There’s this journal that I gave my dad a few years ago. I asked him to record his story for me since I knew it was an important one and I had a hard time piecing together the vignettes he had shared. He finished the journal in 2008 and I retrieved it from him so I could transcribe it. He needs it back so he could write the second volume. It’s the only copy and it serves as references and triggers for his memories. I have to shamefully admit to you that I started to transcribe but had forgotten about the project all together for years now. It proved to be harder than I anticipated because though, Vietnamese uses script lettering, I cannot read my dad’s handwriting. I can read his English well because I know the language but not knowing how to read Vietnamese makes it next to impossible to decipher his squiggles.
I am making the complete transcription of this first volume (with highlighted marks and post-its bookmarking the words I can’t decipher) a resolution in 2013. I’m sharing a small snippet of what little I already had archived.
For a little background on my dad’s life story, you can read this post about his necklace.
My dad was worried about Viet Minh (Vietnamese Communist). At night after the French army retreated to their base, the Viet Minh guerrillas would come to whoever could speak French or had served the former government. They would tie the victim and lead him away mostly to a river to “mo tom†(shrimping). The victim was tied to a rock covered with a cloth bag and thrown into the river. Every night, after pulling some bamboo trees to barricade the front entry, my dad stood inside the house peering through the crack of the window and planned to run through the back if the guerrillas ever came.

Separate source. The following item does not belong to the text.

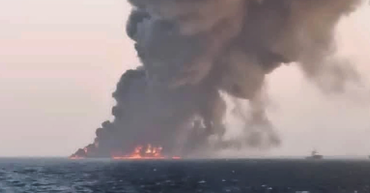 হরমুজ প্রণালীতে অগ্নিকাণ্ডের পর ডুবে গেল ইরানের বৃহত্তম জাহাজ

We escaped from our village one day to go to Thai Binh, the main district under the protection of French Army and Vietnamese non-communist government. I remembered my dad carried me and my sister followed behind. I was wearing my mom’s light sweater and the clay road was zigzagged with deep trenches that the communists had dug to slow down the French tanks.
I didn’t remember where we stayed in Thai Binh, and for how long. Must be a short time, two or three weeks. First time I ate fried noodle in a restaurant! And loved it so much. Unfortunately, one time we were eating there, and one young man came to our table and cleared some dishes away. That made my dad angry and we never came back. I missed that noodle.